Saved data entries:
+ + +

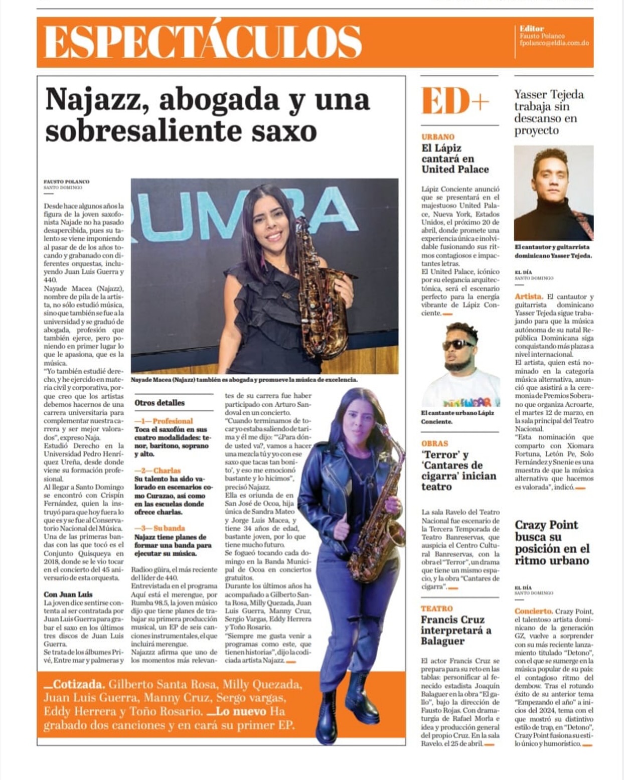 Najazz, abogada sobresaliente saxofonista Dominicana
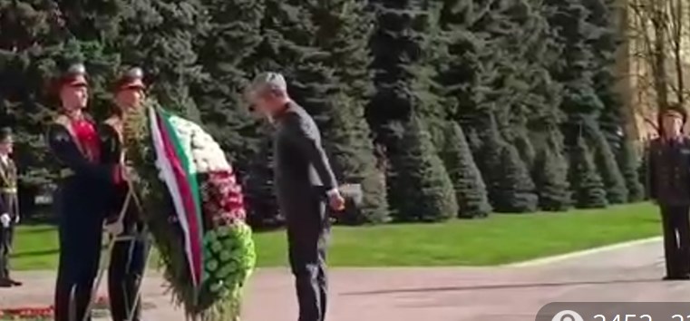 به مزار سرباز گمنام در مسکو رفت و تاج گلی نثار کرد. این بنا
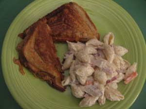 i paired my sandwich with some pasta salad and made my day a lot better!  while i ate i watched an episode of “Family Ties” and now having made it through 2 seasons of this fabulous 80s show i have fully concluded the keaton family would have been down with meatless mondays.
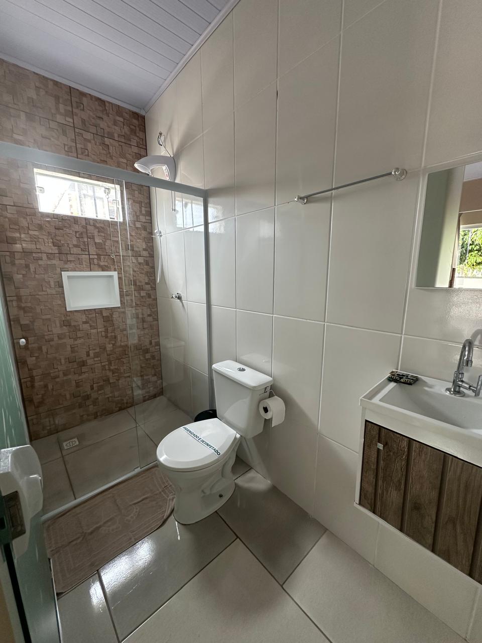 Amplo e bem iluminado, o banheiro privativo garante praticidade e conforto durante a hospedagem.
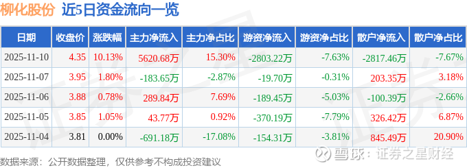 证券之星消息,柳化股份11月10日涨停收盘,收盘价4.35元。该股于9点52分涨停,5次打开涨停,截止收盘封单资金为877.93万元,占其流通市值0.25%。
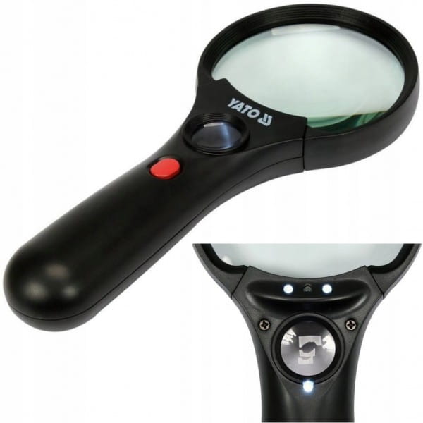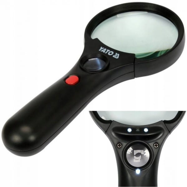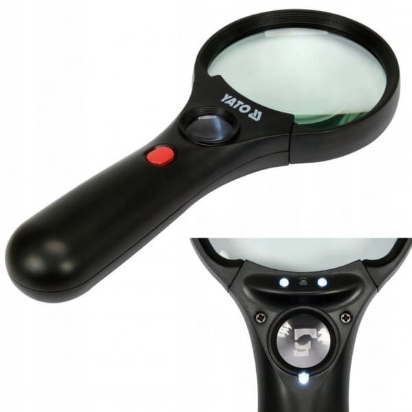 YATO LUPA DWIE SOCZEWKI 3X/45X PODŚWIETLENIE LED UV LED NA BATERIE YT-73845
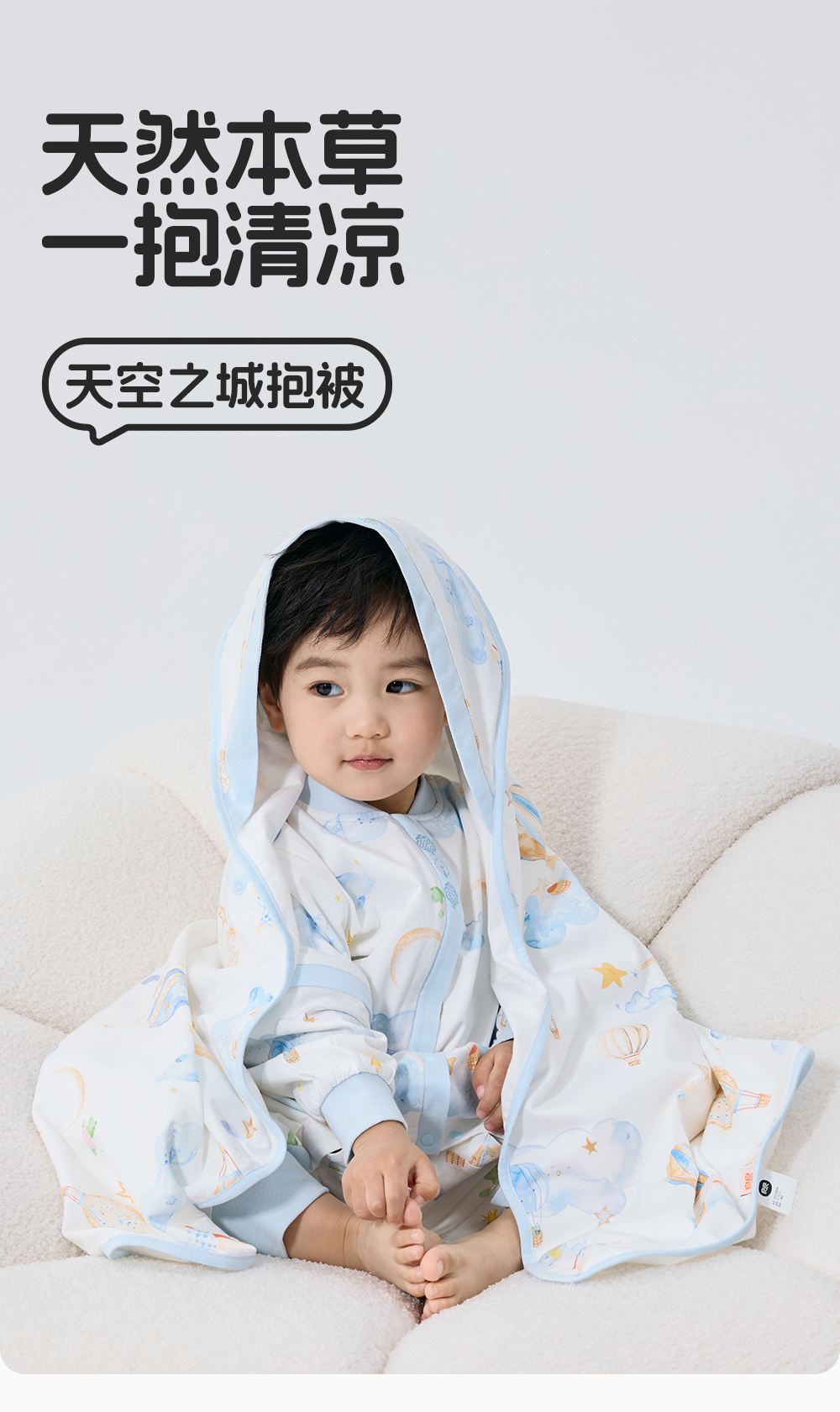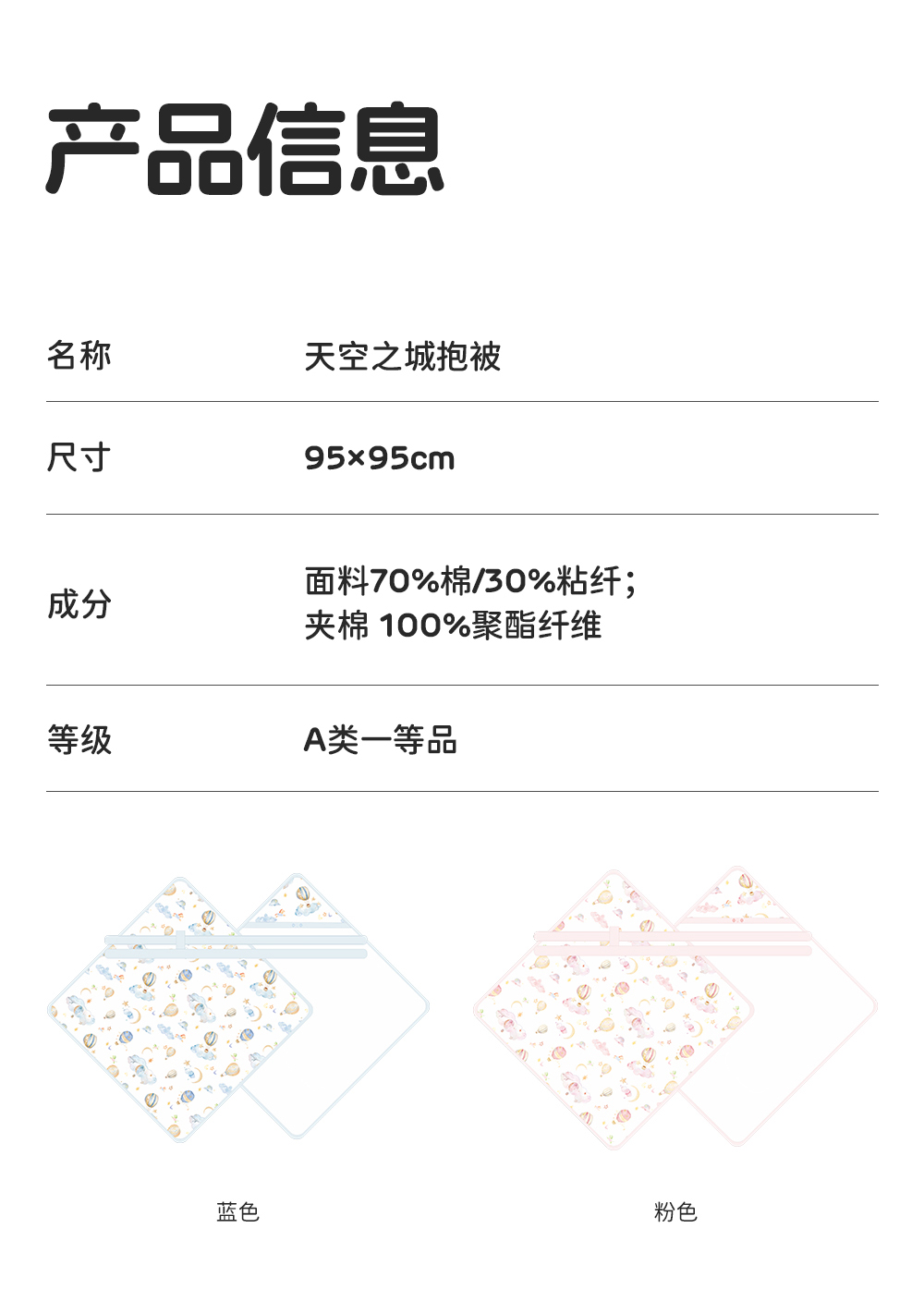 良良天空之城薄夹棉抱被|蓝色(95*95cm)40g
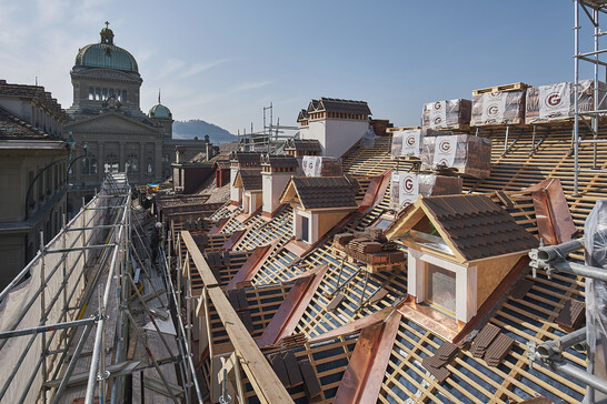Lüftung, Kühlung und Verkabelung müssen untergebracht und statische Anforderungen erfüllt werden, ohne die Gebäude stark zu verändern. «Hightech im Denkmalschutz» war gefragt. Heute nehmen Abfangkonstruktionen, sogenannte Sprengwerke aus Holz, die Kräfte aus den oberen Geschossen auf und leiten diese nach unten ab.
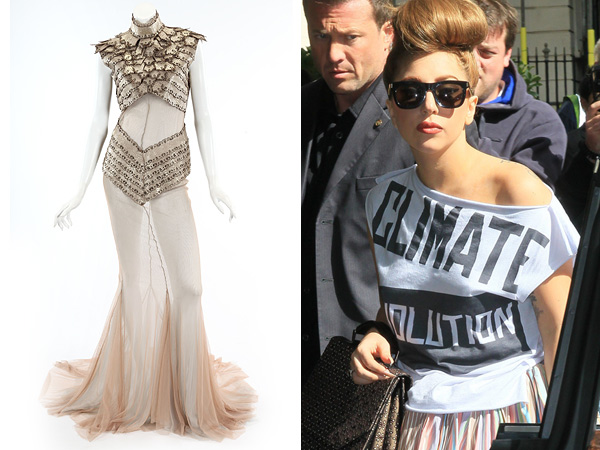 Певица выставила на аукцион несколько концертных нарядов, в том числе золотой плащ с питоном от Eddie Gavriilidis, резиновая маска для лица и головной убор от Franc Fernandez – дизайнера, придумавшего печально известное платье из мяса, а также металлическая маска от британского дизайнера Keko Hainswheeler, которую певица носила в клипе на песню Bad Romance.
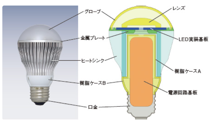 LEDは光自体には熱をほとんど含みませんが、電気を光に変える際に内部で大量の熱が発生します。その熱を外に逃がして、LEDチップが焼き切れるのを防いでいるのがこの放熱部なんです。
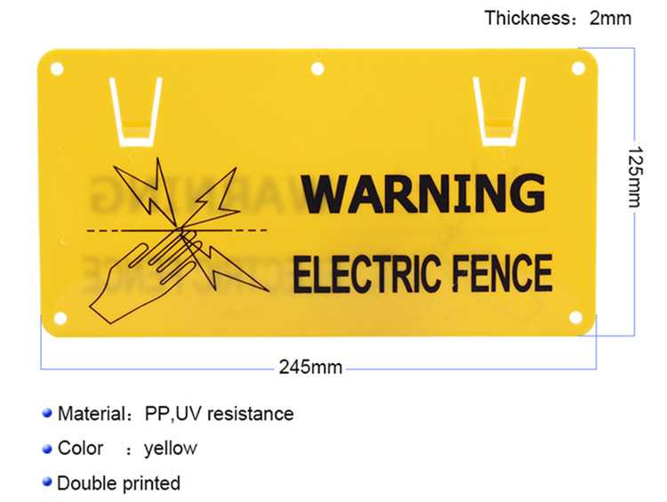 Double printed PP material yellow electric fence warning sign

+ + +

* _The task_: Once the line with "Amplo e bem" is found above, print it and every line after it through the line with "良良天空之城薄夹棉抱被|蓝色(95*95cm)40g", exactly. Pictures stay out.

* _Response to the task_:
 Amplo e bem iluminado, o banheiro privativo garante praticidade e conforto durante a hospedagem.
 证券之星消息,柳化股份11月10日涨停收盘,收盘价4.35元。该股于9点52分涨停,5次打开涨停,截止收盘封单资金为877.93万元,占其流通市值0.25%。
 YATO LUPA DWIE SOCZEWKI 3X/45X PODŚWIETLENIE LED UV LED NA BATERIE YT-73845
 良良天空之城薄夹棉抱被|蓝色(95*95cm)40g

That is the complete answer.